And then there’s “El Viaje Misterioso De Nuestro Jomer,” which remains the gold standard of “Simpsons” animation to this day. Homer, the local expert chili taster, gets more than he bargained for when Chief Wiggum feeds him a Guatemalan insanity pepper, which prompts a “spiritual journey” that includes references to the Beatles, the Ramones, Peanuts cartoons, and Johnny Cash as his coyote tour guide, who instructs him to find his soul mate. The commentary reveals that they even had Cash make the sound of a coyote gnawing on Homer’s leg, which he did with gusto. Extra points to executive producer Josh Weinstein’s kids Molly and Simon, who spice up the commentary tenfold.

Last, but not least, we must discuss “Homer’s Enemy,” which is easily the blackest “Simpsons” episode of all time. Azaria voices Frank Grimes, a new employee at the Springfield Nuclear Power Plant who is shocked and appalled at the indifference everyone shows to Homer’s incompetence. The message of the episode is clear, the whole dumbing-down-of-society thing, which is what makes the “Simpsons” creators geniuses for making an example of Homer before anyone else could, and the final scene is one of the most savagely funny scenes in “Simpsons” history. Even better, they get Azaria to do his first “Simpsons” commentary, where he riffs nonstop about the origins of both Grimes (William H. Macy was the inspiration) and various Azaria-voiced characters.

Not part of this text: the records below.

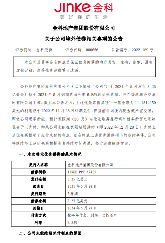 12月28日,金科股份公告稱,一筆金額約1113.125萬(wàn)美元的利息應(yīng)于 2022年11月28日到期兌付,但當(dāng)前公司境內(nèi)現(xiàn)金流嚴(yán)重受限,即使公司竭盡所能,預(yù)計(jì)寬限期30天內(nèi)無(wú)法取得履行境外債務(wù)所需之足夠現(xiàn)金予以支付。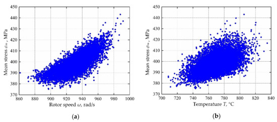 Scatter sketches of mean stress: (a) rotor speed, (b) temperature.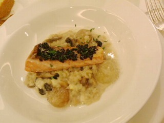 秋鮭と黒米焼き いろいろきのことマスカットリゾット添え(写真上左)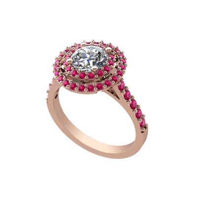Pırlanta ve rodolit garnet 925 ayar rose altın kaplama gümüş yüzük (0.92 karat)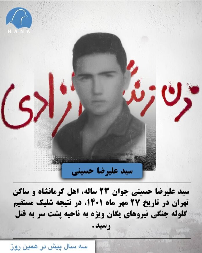 سید علیرضا حسینی جوان ٢٣ سالە، اهل کرمانشاه و ساکن تهران در تاریخ ۲۷ مهر ۱۴۰۱، در نتیجه شلیک مستقیم گلوله جنگی نیروهای یگان ویژه به ناحیه پشت سر بە قتل رسید.

Okay, let’s just lay it out there: is there anyone who needs a Web geek like me to explain why you should buy “The Simpsons: The Complete Eighth Season”? The producers caught about five or six years’ worth of lightning in a bottle. How many other shows can brag of such consistency? Okay, maybe “South Park,” but they make half as many episodes per season as “The Simpsons” do, plus they have openly acknowledged that “The Simpsons” have done everything funny that there is to do. Better to get it from the source. It’s what Johnny Cash would want you to do.